In order to show how our product works, we produced a video using real footage as well as mixed reality. We chose to produce mixed-reality footage since it is the most effective way of showing exactly how someone is interacting within a virtual space, although it posed its own plethora of challenges. Our team rented an empty studio space and built a green screen for our mixed-reality set up. I shot all footage using a DSLR in one week edited the video (including compositing and audio editing) over a weekend.
By far the most challenging part of this process was calibrating the camera to match up with the virtual camera with Unity. It took us several tries and different approaches before we had an adequate result, though there is still much room for improvement. Thankfully, compositing the footage with the Unity screen recording in After Effects was relatively straightforward.
Our project culminated in a final presentation and poster session at the University of Washington. We wrote a script, compiled a slide deck to accompany our video, and presented our final concept to the UW community as well as industry professionals and peers. We later gave the same presentation to our sponsor at HTC Creative Labs. Overall, I thought our presentations were quite successful after having plenty of practice, and our video was able to demonstrate the value of Unison.
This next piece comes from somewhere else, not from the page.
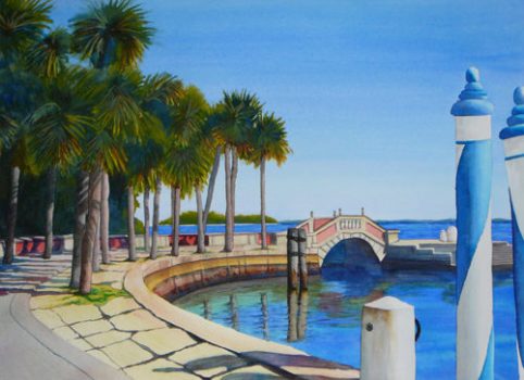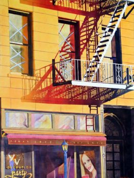 Vizcaya (2010) and 26th and Federal (2010) are two of Wolford’s earlier works depicting the intense colors of his adopted home state of Florida. Operation Party (2014) – a street scene from Manhattan – served as the centerpiece of his “Shadow Journeys” exhibit.

By focusing on the early design stage, our concept stands as a compelling virtual reality solution for remote communication and collaboration issues in spatial design. The prototype evaluation has suggested that it successfully facilitates spatial understanding, feedback, and experimentation.
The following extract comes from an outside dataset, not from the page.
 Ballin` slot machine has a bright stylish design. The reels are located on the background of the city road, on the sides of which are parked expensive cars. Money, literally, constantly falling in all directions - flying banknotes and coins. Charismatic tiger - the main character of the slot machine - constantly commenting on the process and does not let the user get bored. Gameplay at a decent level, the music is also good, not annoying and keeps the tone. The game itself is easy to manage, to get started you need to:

We believe the core value of our solution will not only apply to the early design stage for future development - it can also be a potential solution for clients to understand construction specifications. For example, any design request from the client side can be simulated in order to inform clients about the final outcomes during the construction stage.
Built in virtual reality, our product provides a more realistic and intriguing user experience of spatial design activities. It is an example how new technologies such as virtual reality can change the way people collaborate, and the possibilities are limitless.
This capstone project was a significant undertaking that required our team to put in our very best efforts and the result is something we are extremely proud of. We were also lucky to have a great industry sponsor that could guide our project and provide valuable feedback from an industry perspective.